The Schwab vehicle, a donor-advised fund, allows investors to contribute cash or appreciated assets to a charitable account to realize the greatest possible tax benefit. This means donors can more "strategically" support the charities of their choice.

As for those strategies, Laughton offered up five for smart giving this holiday season; some are tried and true, some are new.

Reduce estate size before taxes rise and exclusion amount drops: With estate tax exclusions potentially decreasing from over $5 million to $1 million and estate tax rates set to potentially rise, individuals can make donations to charitable accounts that will enable them to immediately reduce their estate size and tax exposure and give more to important causes during their lifetimes.

Donate highly appreciated assets to charity to offset taxes from capital gains: Contributions can be made now to realize the maximum tax benefit, but the donor can decide later what causes he/she wants to support.
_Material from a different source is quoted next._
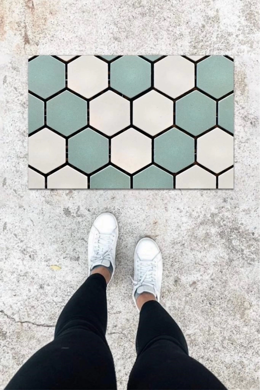 BFS Dijital Baskı Mavi Petek Desen Kapı Önü Paspası K-1059

Donate to charitable accounts in 2012 to lock in the maximum deduction: Some proposals to cap itemized deductions starting in 2013 could reduce the income tax benefits of future charitable gifts.

Donate to charitable accounts to reduce the income tax generated by a Roth IRA conversion: For individuals who are converting a traditional individual retirement account (IRA) to a Roth IRA, charitable giving can help to offset the taxes resulting from such a conversion.

Donate to charitable accounts to enable taxfree growth to support future giving: In general, putting as much money as the budget allows into nontaxable accounts enables potentially greater taxfree growth which, in the case of charitable accounts, can support an ongoing strategic giving strategy.

"When advisors are helpful in providing clients with simple and taxeffective ways to support the causes that are important to them, it opens up much more personal conversations and builds tremendous loyalty," Laughton concluded. "The holiday giving season is a natural opportunity to ask questions about giving intentions and strategies and highlight their importance in financial and tax planning."